Clinical monitoring for hepatic, hematologic and immunosuppression effects

At each visit

Grade toxicity using the current NCI-CTCAE (Common Terminology Criteria for Adverse Events) version

Suggested Clinical Monitoring

Monitor Type Monitor Frequency
Renal function tests (if failure suspected) Baseline
Screening test for TPMT deficiency (if available) especially with severe toxicity
INR Baseline and as clinically required
J - Supplementary Public Funding

ODB - General Benefit (ODB Formulary )

  • mercaptopurine ()

K - References

Cancer Drug Manual (the Manual), 1994, revised March 2007. British Columbia Cancer Agency (BCCA).

McEvoy GK, ed in chief, Snow ED, ed. AHFS: Drug Information. Bethesda, MD: American Society of Health-System Pharmacists; 2011:1148-1151.
Product Monograph:  Purinethol® (mercaptopurine).  Novopharm Limited, July 16, 2014.

June 2019 Updated emetic risk category.

L - Disclaimer

Refer to the New Drug Funding Program or Ontario Public Drug Programs websites for the most up-to-date public funding information.

The information set out in the drug monographs, regimen monographs, appendices and symptom management information (for health professionals) contained in the Drug Formulary (the "Formulary") is intended for healthcare providers and is to be used for informational purposes only.
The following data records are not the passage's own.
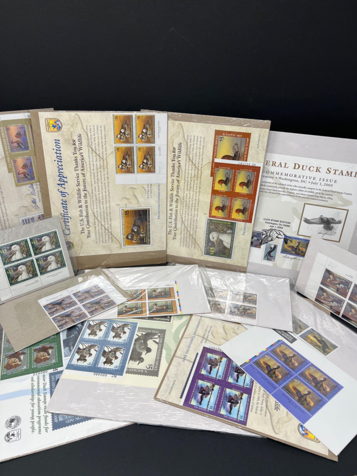 Assortment of wildlife - ducks and geese and other birds issued from Department of the Interior, United States promoting conservation of migratory birds; includes The Federal Duck Stamp - commemorative issue (limited to 750 issued). Total face value: $510
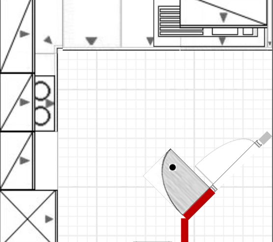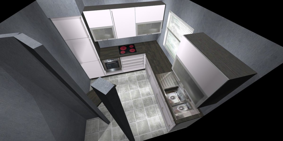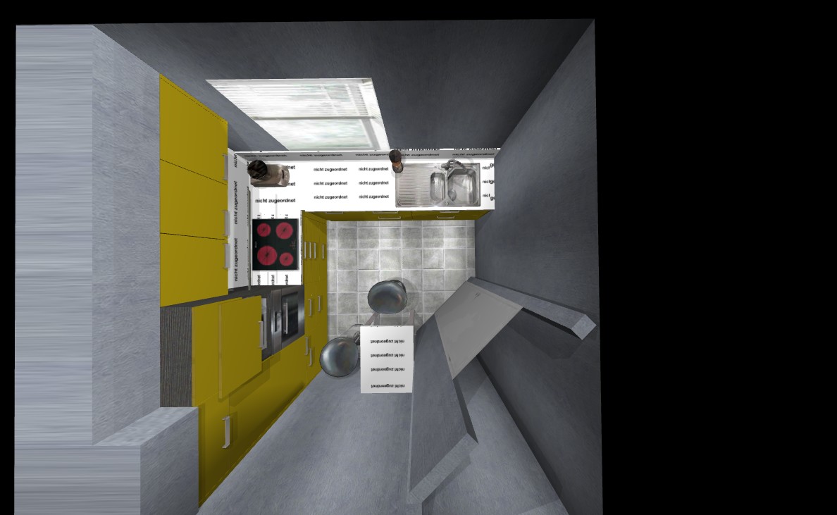 Ich habe einmal meinen Vorschlag aus #5 visualisiert. Überzeugt bin ich davon nicht. Der Stuhl stellt den Zugang zum Kühlschrank zu und durch den hochgebauten BO hast du planlinks nur ca. 15 cm Platz, wenn das Kochfeld etwas versetzt eingebaut wird.
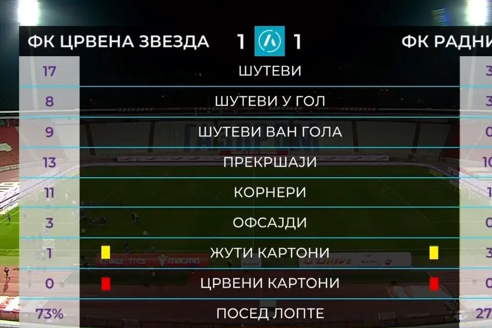 Crvena zvezda je u ovom 14. kolu odigrala nerešeno sa Radnikom 1:1.

The information is not intended to cover all possible uses, directions, precautions, drug interactions or adverse effects of a particular drug, nor should it be construed to indicate that use of a particular drug is safe, appropriate or effective for a given condition. The information in the Formulary is not intended to constitute or be a substitute for medical advice and should not be relied upon in any such regard. All uses of the Formulary are subject to clinical judgment and actual prescribing patterns may not follow the information provided in the Formulary.
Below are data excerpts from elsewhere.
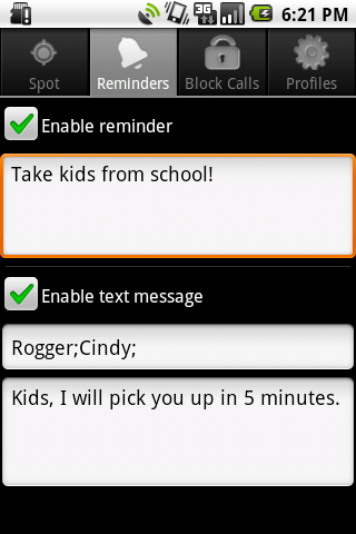 Reminds you based on your location. It can also block calls and change to vibrate when within a specific proximity
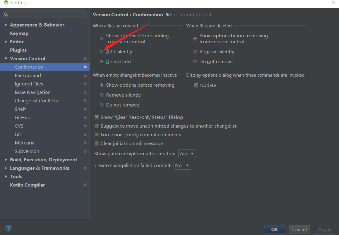 ③ 在我们使用Git的时候,如何在AS上将你新创建的文件自动关联到Git上,不用每次在创建完成的时候,进行选择是否关联Git的操作,当然大家说,我在弹出选择的时候选择默认以后总是进行Git关联,这里要说的是,我们如果这样做了,一旦你出现你不想关联怎么办?怎么样能手动更改呢?如下图所示就是设置自动进行Git关联,箭头所指的位置就是设置自动Git关联位置,箭头下方图中选中的原点就是取消自动关联的设置。
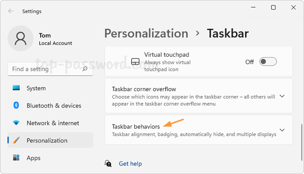 - 當“設置”應用程序打開“個性化”->“任務欄”時,單擊“任務欄行為” 在右側窗格中展開設置。
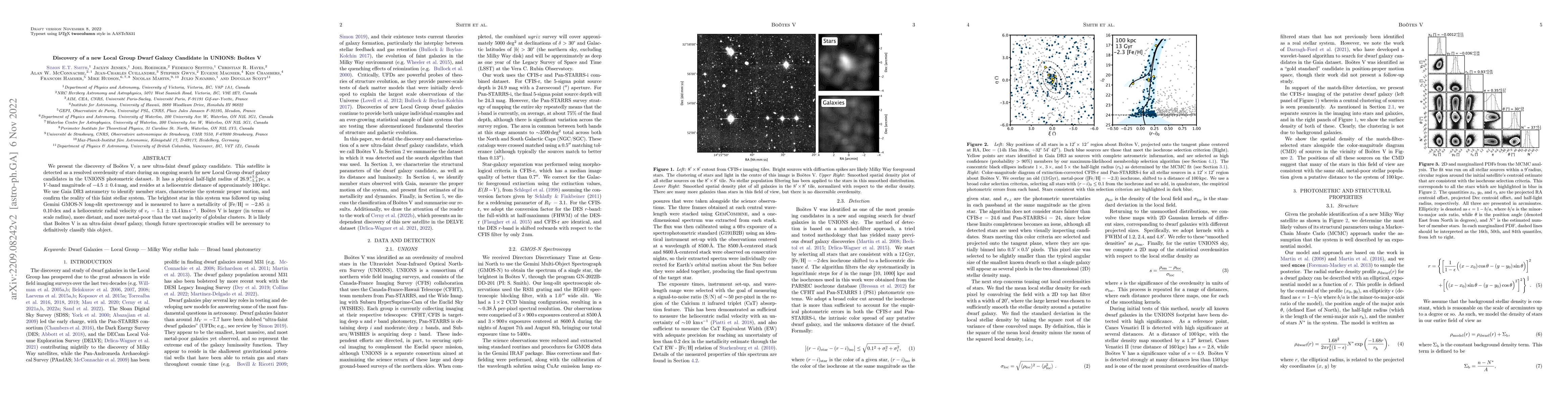 Researchers discovered Bo\"otes V, a new ultra-faint dwarf galaxy candidate in the UNIONS photometric dataset, characterized by a physical half-light radius of 26.9 pc and a $V$-band magnitude of $-$4.5 mag. Gaia DR3 astrometry and Gemini GMOS-N spectroscopy confirm its existence and suggest it is more metal-poor than most globular clusters.

The format and content of the drug monographs, regimen monographs, appendices and symptom management information contained in the Formulary will change as they are reviewed and revised on a periodic basis. The date of last revision will be visible on each page of the monograph and regimen. Since standards of usage are constantly evolving, it is advised that the Formulary not be used as the sole source of information. It is strongly recommended that original references or product monograph be consulted prior to using a chemotherapy regimen for the first time.

Some Formulary documents, such as the medication information sheets, regimen information sheets and symptom management information (for patients), are intended for patients. Patients should always consult with their healthcare provider if they have questions regarding any information set out in the Formulary documents.